Output each record verbatim, with pictures left out.

(Records contained in a dataset)
──────────────────────────────
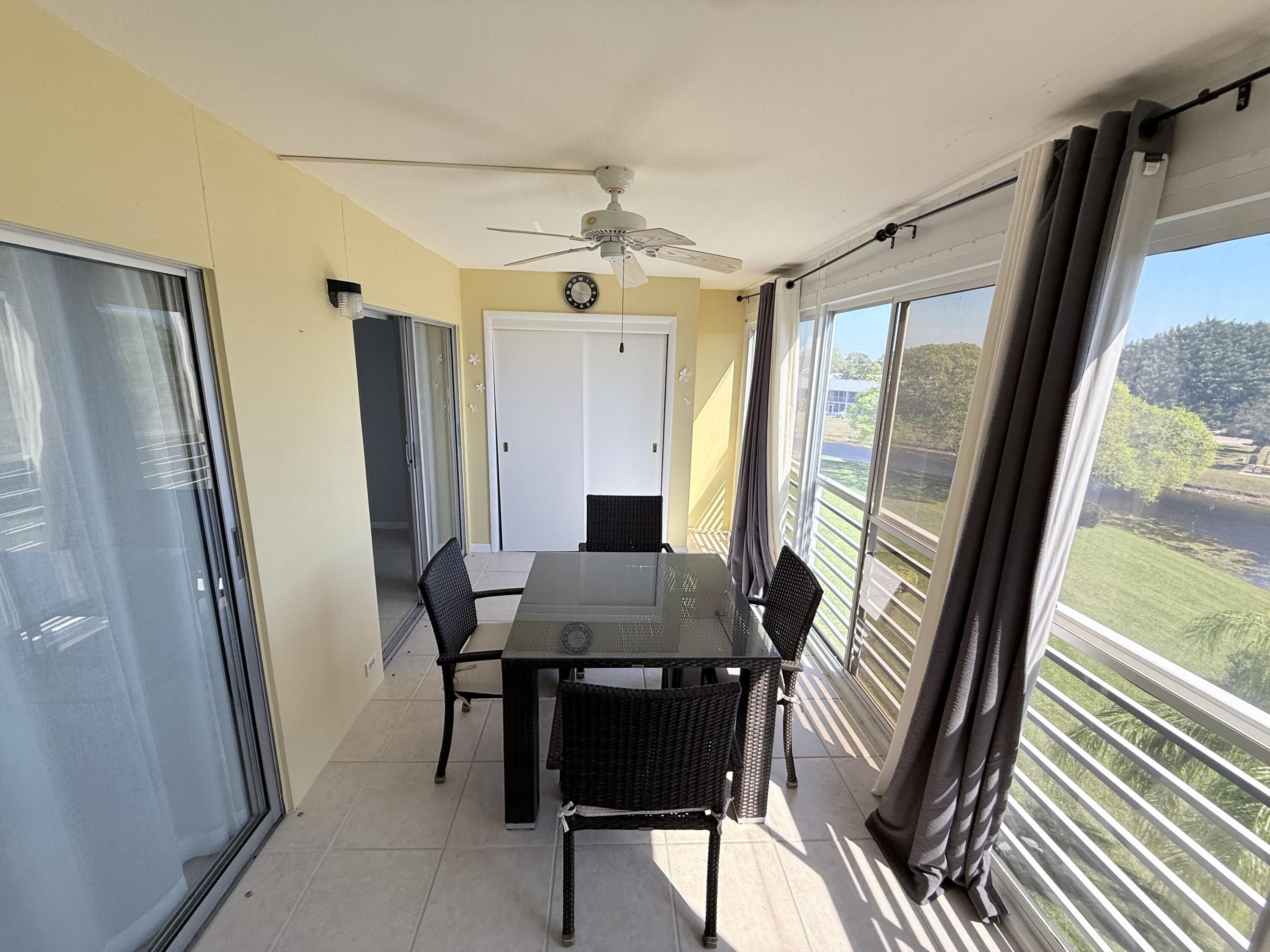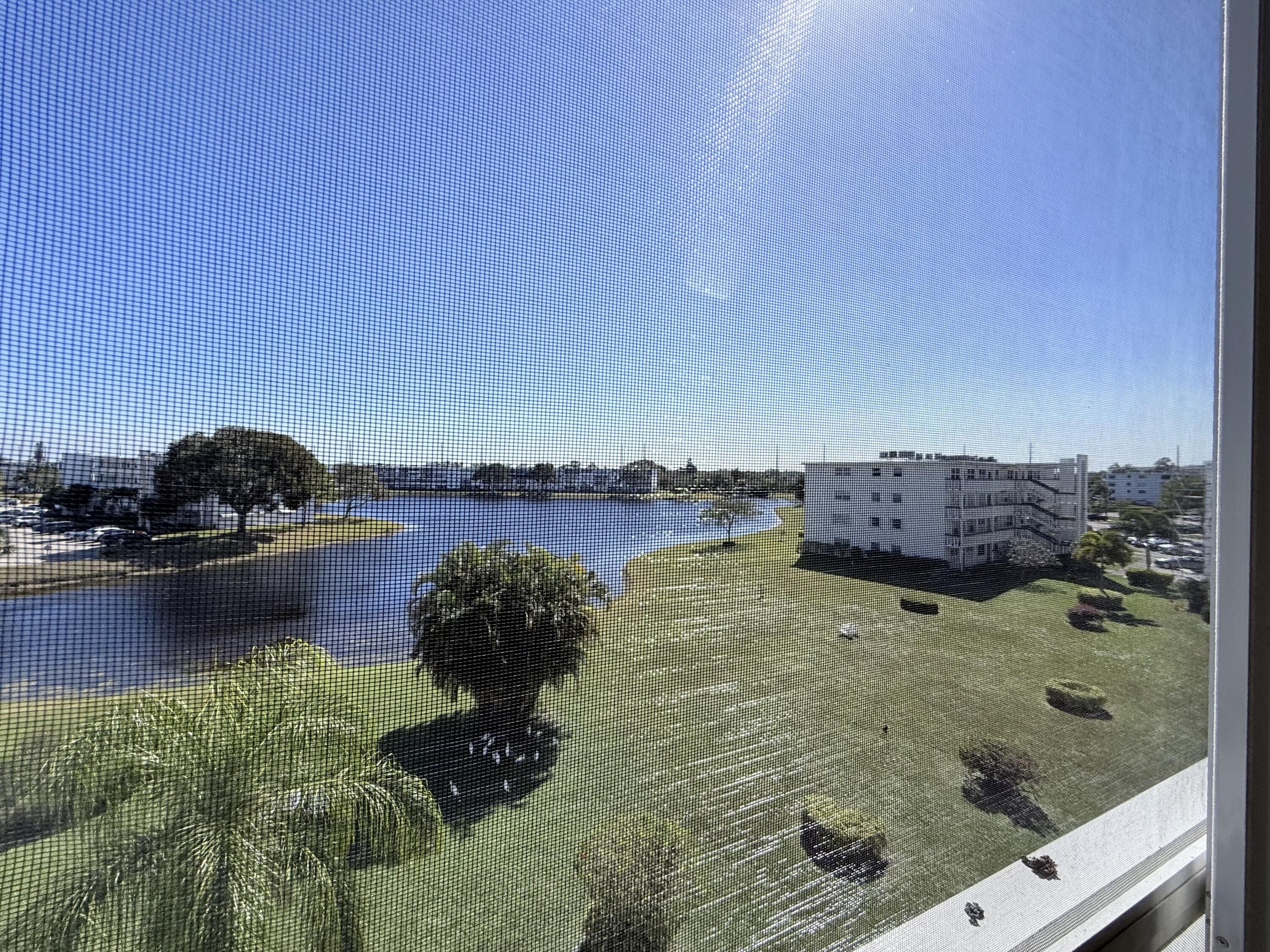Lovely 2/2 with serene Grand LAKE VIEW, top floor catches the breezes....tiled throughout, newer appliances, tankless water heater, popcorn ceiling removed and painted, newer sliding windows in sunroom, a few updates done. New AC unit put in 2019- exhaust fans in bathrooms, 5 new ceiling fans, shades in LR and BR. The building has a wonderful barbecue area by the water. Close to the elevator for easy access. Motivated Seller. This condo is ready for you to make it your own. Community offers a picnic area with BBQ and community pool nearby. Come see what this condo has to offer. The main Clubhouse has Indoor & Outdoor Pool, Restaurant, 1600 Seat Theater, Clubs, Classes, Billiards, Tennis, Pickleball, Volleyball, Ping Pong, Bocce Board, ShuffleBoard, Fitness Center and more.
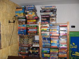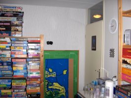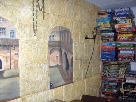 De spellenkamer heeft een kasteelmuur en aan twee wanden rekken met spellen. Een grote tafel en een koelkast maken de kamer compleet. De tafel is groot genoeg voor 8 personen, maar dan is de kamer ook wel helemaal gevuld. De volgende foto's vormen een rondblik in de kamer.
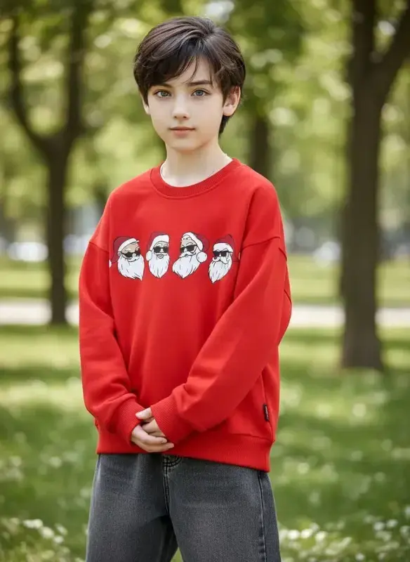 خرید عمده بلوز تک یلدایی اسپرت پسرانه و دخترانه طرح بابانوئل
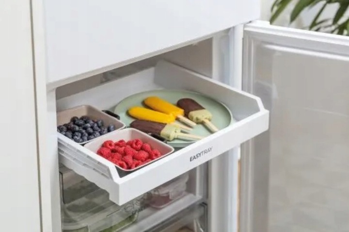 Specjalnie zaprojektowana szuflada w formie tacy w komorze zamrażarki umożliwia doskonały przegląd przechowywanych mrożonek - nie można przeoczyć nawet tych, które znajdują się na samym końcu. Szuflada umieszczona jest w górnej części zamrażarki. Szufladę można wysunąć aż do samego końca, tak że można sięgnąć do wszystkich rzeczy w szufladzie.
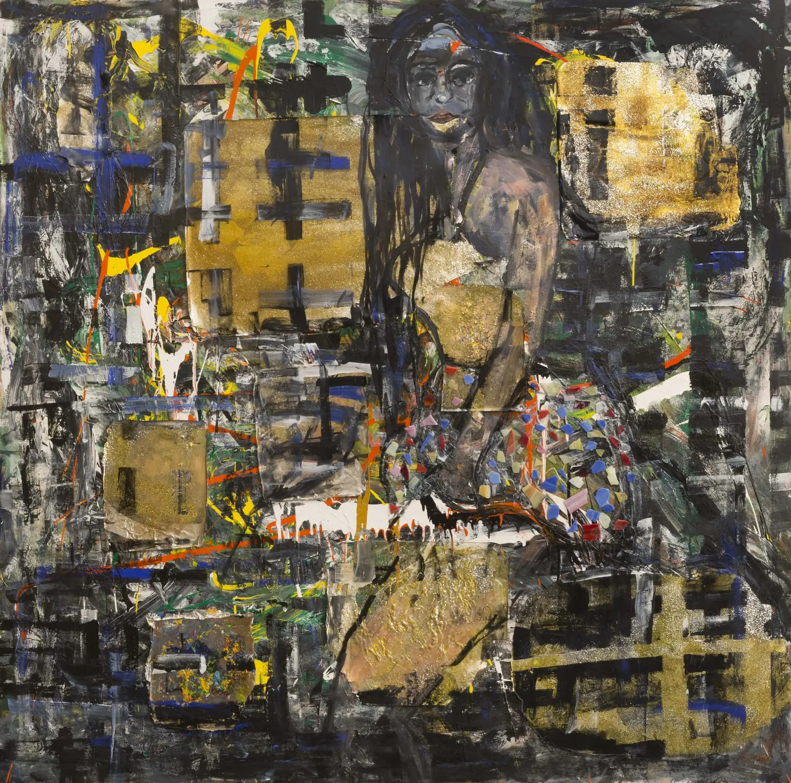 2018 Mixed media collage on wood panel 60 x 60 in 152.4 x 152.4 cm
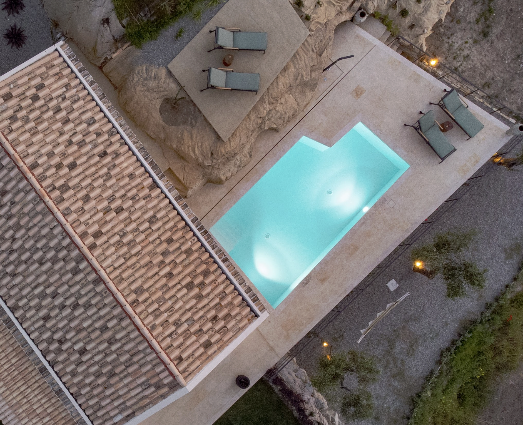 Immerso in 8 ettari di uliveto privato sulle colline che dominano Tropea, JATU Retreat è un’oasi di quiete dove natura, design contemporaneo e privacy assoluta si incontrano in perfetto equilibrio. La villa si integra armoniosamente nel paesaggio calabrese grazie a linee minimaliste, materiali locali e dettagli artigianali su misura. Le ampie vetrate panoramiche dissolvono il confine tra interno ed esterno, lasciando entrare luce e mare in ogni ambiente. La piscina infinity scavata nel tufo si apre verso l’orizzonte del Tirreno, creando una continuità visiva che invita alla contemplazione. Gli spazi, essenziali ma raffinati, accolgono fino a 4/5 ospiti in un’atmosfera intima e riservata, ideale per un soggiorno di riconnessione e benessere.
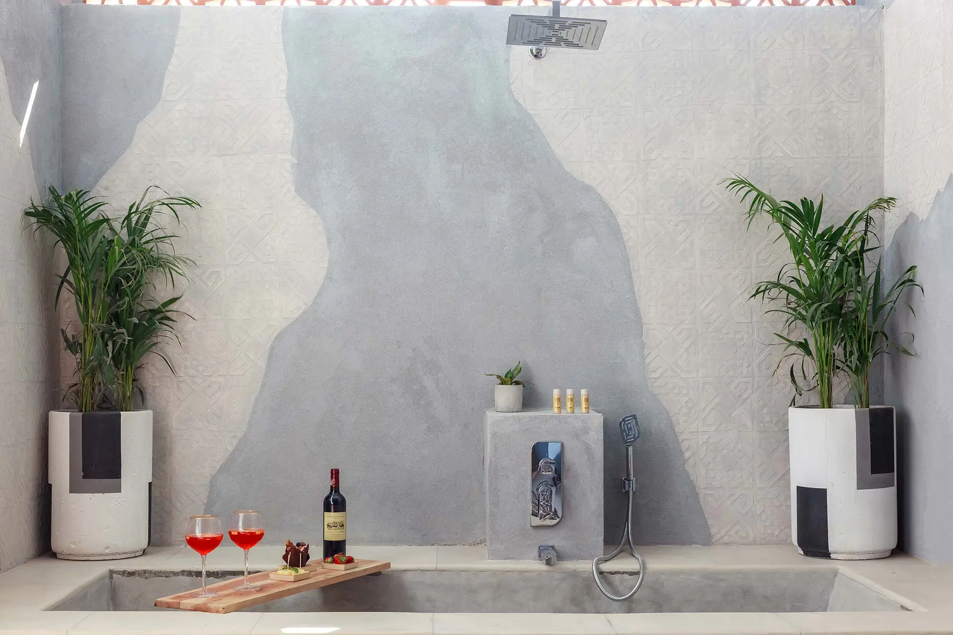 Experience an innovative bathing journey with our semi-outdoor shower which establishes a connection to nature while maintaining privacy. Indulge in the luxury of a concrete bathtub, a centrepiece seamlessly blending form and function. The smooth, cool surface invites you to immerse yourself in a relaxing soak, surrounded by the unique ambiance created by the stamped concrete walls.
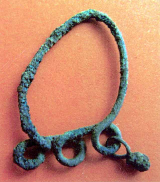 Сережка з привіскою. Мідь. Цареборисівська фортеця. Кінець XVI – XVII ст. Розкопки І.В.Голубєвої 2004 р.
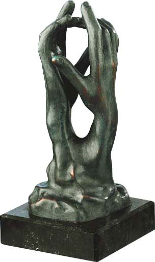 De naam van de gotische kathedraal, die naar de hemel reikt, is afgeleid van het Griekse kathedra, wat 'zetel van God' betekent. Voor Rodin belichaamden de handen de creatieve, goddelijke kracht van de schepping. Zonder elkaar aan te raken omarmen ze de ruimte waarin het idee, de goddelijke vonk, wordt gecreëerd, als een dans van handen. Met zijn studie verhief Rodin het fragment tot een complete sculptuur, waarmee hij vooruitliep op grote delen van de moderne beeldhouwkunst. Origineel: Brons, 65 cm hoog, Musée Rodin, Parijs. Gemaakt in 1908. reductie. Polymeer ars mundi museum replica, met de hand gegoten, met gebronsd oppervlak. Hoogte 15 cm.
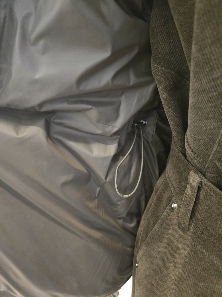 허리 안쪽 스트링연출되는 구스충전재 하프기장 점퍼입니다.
──────────────────────────────
▶ _Response below_
Lovely 2/2 with serene Grand LAKE VIEW, top floor catches the breezes....tiled throughout, newer appliances, tankless water heater, popcorn ceiling removed and painted, newer sliding windows in sunroom, a few updates done. New AC unit put in 2019- exhaust fans in bathrooms, 5 new ceiling fans, shades in LR and BR. The building has a wonderful barbecue area by the water. Close to the elevator for easy access. Motivated Seller. This condo is ready for you to make it your own. Community offers a picnic area with BBQ and community pool nearby. Come see what this condo has to offer. The main Clubhouse has Indoor & Outdoor Pool, Restaurant, 1600 Seat Theater, Clubs, Classes, Billiards, Tennis, Pickleball, Volleyball, Ping Pong, Bocce Board, ShuffleBoard, Fitness Center and more.
 De spellenkamer heeft een kasteelmuur en aan twee wanden rekken met spellen. Een grote tafel en een koelkast maken de kamer compleet. De tafel is groot genoeg voor 8 personen, maar dan is de kamer ook wel helemaal gevuld. De volgende foto's vormen een rondblik in de kamer.
 خرید عمده بلوز تک یلدایی اسپرت پسرانه و دخترانه طرح بابانوئل
 Specjalnie zaprojektowana szuflada w formie tacy w komorze zamrażarki umożliwia doskonały przegląd przechowywanych mrożonek - nie można przeoczyć nawet tych, które znajdują się na samym końcu. Szuflada umieszczona jest w górnej części zamrażarki. Szufladę można wysunąć aż do samego końca, tak że można sięgnąć do wszystkich rzeczy w szufladzie.
 2018 Mixed media collage on wood panel 60 x 60 in 152.4 x 152.4 cm
 Immerso in 8 ettari di uliveto privato sulle colline che dominano Tropea, JATU Retreat è un’oasi di quiete dove natura, design contemporaneo e privacy assoluta si incontrano in perfetto equilibrio. La villa si integra armoniosamente nel paesaggio calabrese grazie a linee minimaliste, materiali locali e dettagli artigianali su misura. Le ampie vetrate panoramiche dissolvono il confine tra interno ed esterno, lasciando entrare luce e mare in ogni ambiente. La piscina infinity scavata nel tufo si apre verso l’orizzonte del Tirreno, creando una continuità visiva che invita alla contemplazione. Gli spazi, essenziali ma raffinati, accolgono fino a 4/5 ospiti in un’atmosfera intima e riservata, ideale per un soggiorno di riconnessione e benessere.
 Experience an innovative bathing journey with our semi-outdoor shower which establishes a connection to nature while maintaining privacy. Indulge in the luxury of a concrete bathtub, a centrepiece seamlessly blending form and function. The smooth, cool surface invites you to immerse yourself in a relaxing soak, surrounded by the unique ambiance created by the stamped concrete walls.
 Сережка з привіскою. Мідь. Цареборисівська фортеця. Кінець XVI – XVII ст. Розкопки І.В.Голубєвої 2004 р.
 De naam van de gotische kathedraal, die naar de hemel reikt, is afgeleid van het Griekse kathedra, wat 'zetel van God' betekent. Voor Rodin belichaamden de handen de creatieve, goddelijke kracht van de schepping. Zonder elkaar aan te raken omarmen ze de ruimte waarin het idee, de goddelijke vonk, wordt gecreëerd, als een dans van handen. Met zijn studie verhief Rodin het fragment tot een complete sculptuur, waarmee hij vooruitliep op grote delen van de moderne beeldhouwkunst. Origineel: Brons, 65 cm hoog, Musée Rodin, Parijs. Gemaakt in 1908. reductie. Polymeer ars mundi museum replica, met de hand gegoten, met gebronsd oppervlak. Hoogte 15 cm.
 허리 안쪽 스트링연출되는 구스충전재 하프기장 점퍼입니다.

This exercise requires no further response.